Blue Owl Capital: A New Player in the Alternative Asset Management Industry

Blue Owl Capital Inc. (NYSE: OWL) is a publicly traded company that provides capital solutions and asset management services to alternative asset managers and private market investors. The company was formed in May 2021 through the merger of Owl Rock Capital Group, a leading direct lending platform, and Dyal Capital Partners, a leading capital provider for institutional alternative asset managers. The combined entity has over $52 billion of assets under management and serves more than 500 clients across the private equity, hedge fund, real estate and infrastructure sectors.

Why Invest in Blue Owl?

Blue Owl offers investors exposure to the fast-growing and resilient alternative asset management industry, which has seen strong demand for its products and services amid low interest rates, market volatility and increased regulation. According to Preqin, the alternative assets industry is expected to grow from $10.7 trillion in 2020 to $17.2 trillion by 2025, representing a compound annual growth rate of 9.8%.

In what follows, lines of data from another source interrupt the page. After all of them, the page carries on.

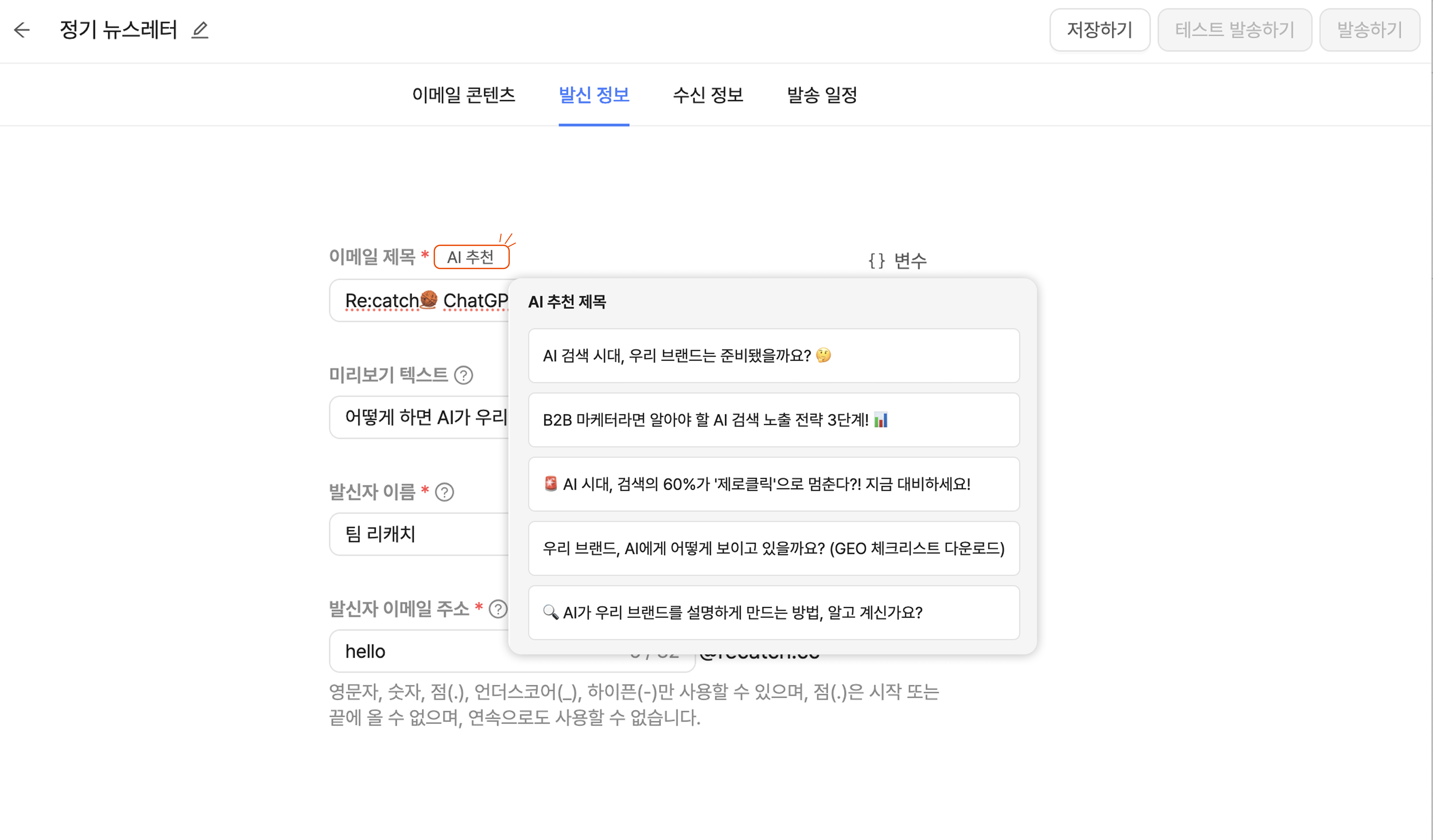 이메일 제목, 발신자 이름, 발신자 이메일 주소, 이메일 콘텐츠는 테스트 발송 전 필수 입력이 필요한 항목들입니다.
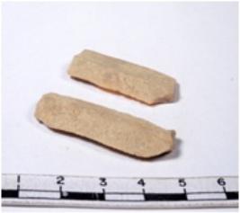 | Description / विवरण | A fragment of a rectangular shaped chert blade showing parallel sides with sharp edges having smooth surface and uneven section. |
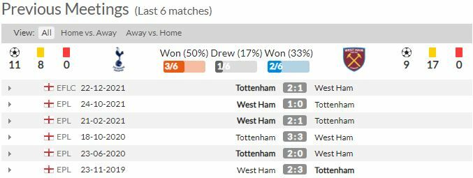 - เวสต์แฮม เสียประตูในการเยือนสเปอร์ส อย่างน้อยเกมละ 2 ลูกใน 3 นัดหลัง (เกมลีก)
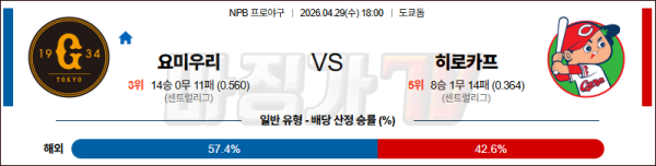 2026-04-29 NPB 요미우리 히로시마 KBO/NPB분석 무료중계 스포츠분석
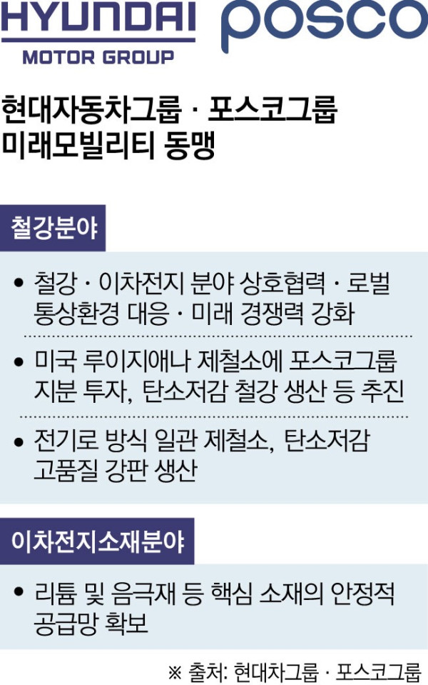 포스코그룹과 현대자동차그룹이 철강ㆍ이차전지 분야 협력을 통해 글로벌 미래 모빌리티 소재 시장 선점에 나선다. 글로벌 경제 블록화 및 급변하는 통상 환경에서 양사의 경쟁력을 바탕으로 시너지를 창출한다는 계획이다.
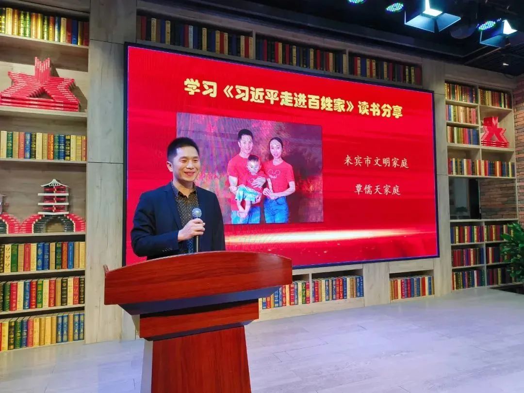 3月7日,由广西壮族自治区来宾市委宣传部、市妇联、市文明办联合主办的“巾帼心向党 奋进新征程 涵养好家风”《习近平走进百姓家》读书分享暨“温暖来宾 最美家”好家风故事会在来宾书城举办。现场开展了家庭亲子诵读《习近平走进百姓家》、文明家庭代表分享读书心得、最美家庭代表分享家风故事等活动,氛围十分活跃。活动的最后,全体人员观看《习近平走进百姓家》宣传视频,诵读《习近平走进百姓家》金句。活动旨在引导广大妇女、家庭深刻感悟习近平新时代中国特色社会主义思想的思想力量和实践动力,把学习《习近平走进百姓家》与全面学习贯彻党的二十大精神紧密结合,持续加强新时代家庭家教家风建设。
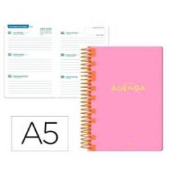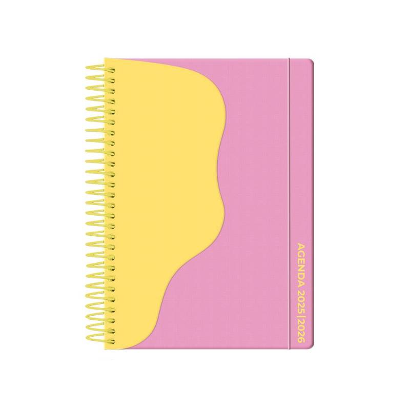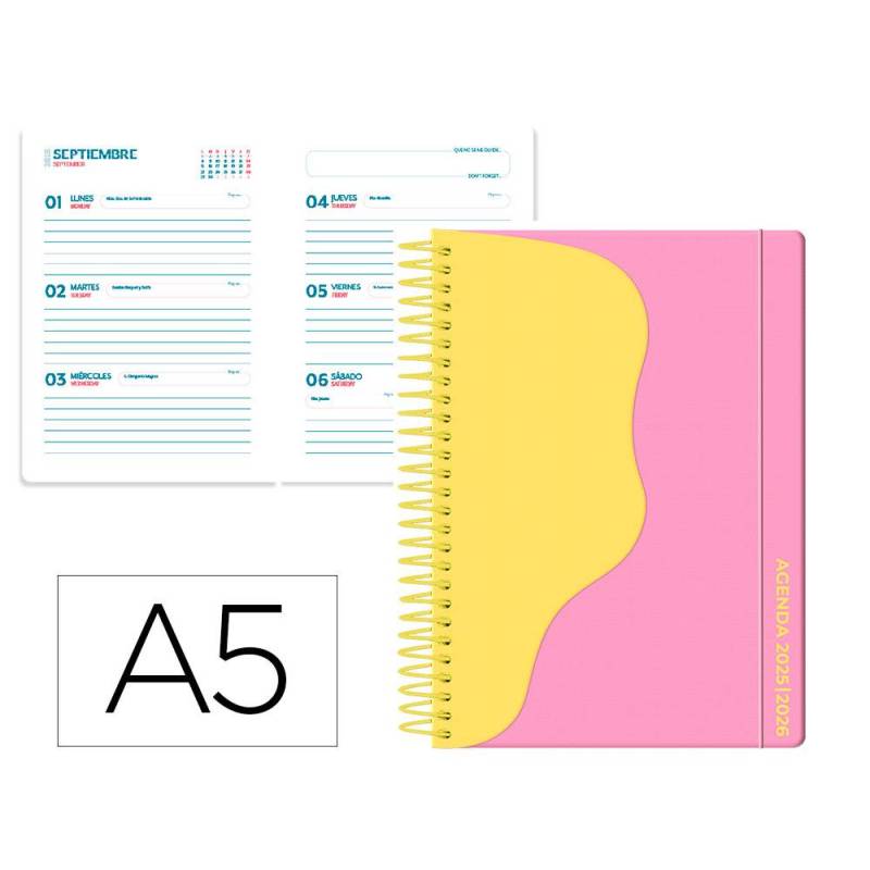 AGENDA ESCOLAR LIDERPAPEL 25-26 ESPIRAL WAVES ROSA SEMANA VISTA DIN A5 BILINGÜE PAPEL FSC 80 GR
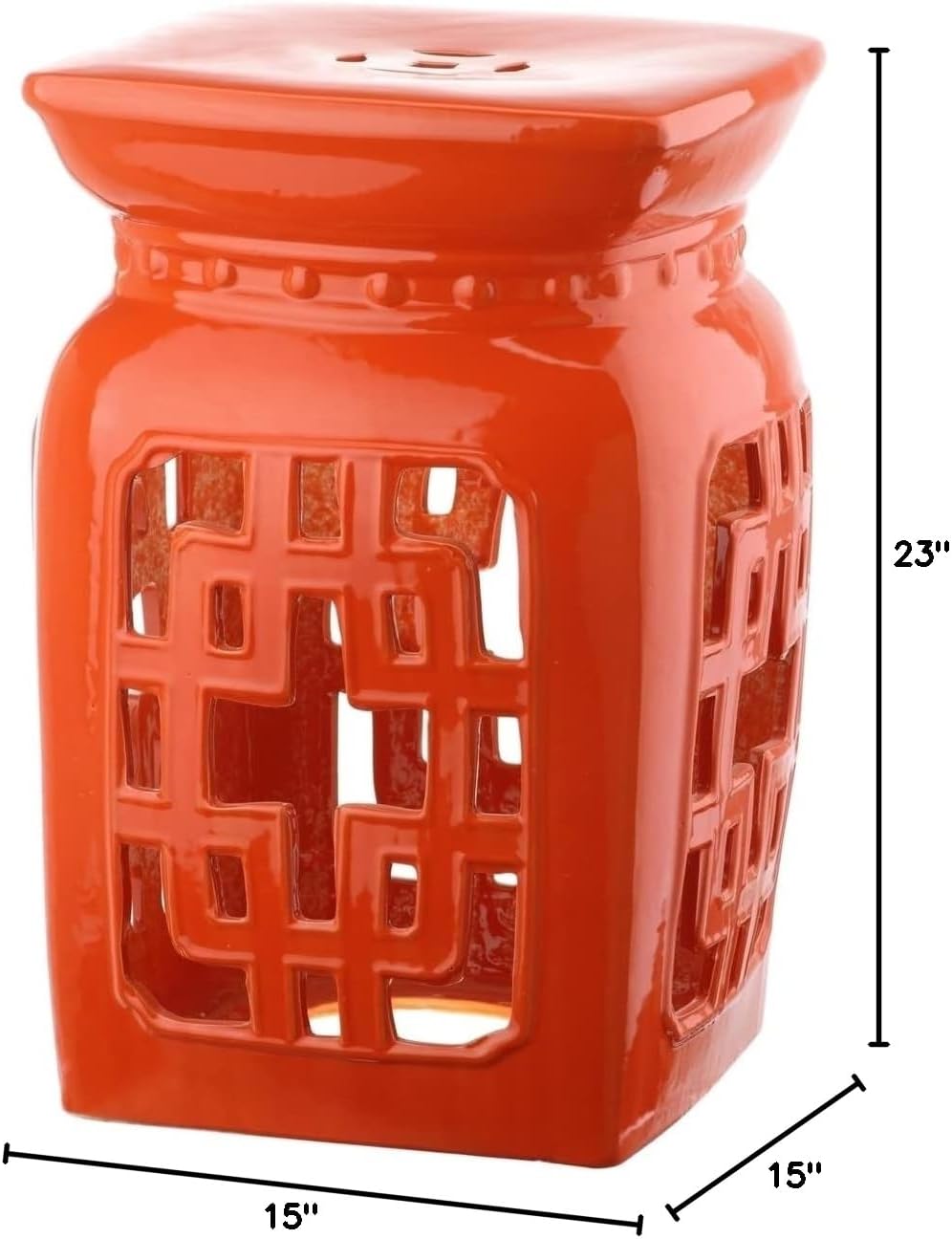 Classic Chinese fretwork inspired the transitional pierced motif of the bright orange Beijing Filigree indoor-outdoor garden stool. Designed for use as a seat or table, this artful glazed ceramic piece lends sophistication to any room, porch or patio.

Blue Owl has a unique and differentiated business model that combines two complementary segments: Access and Direct Lending. The Access segment provides permanent capital and strategic support to alternative asset managers, enabling them to grow their businesses, enhance their performance and create value for their stakeholders. The Direct Lending segment provides flexible and customized financing solutions to private market borrowers, generating attractive risk-adjusted returns for its investors.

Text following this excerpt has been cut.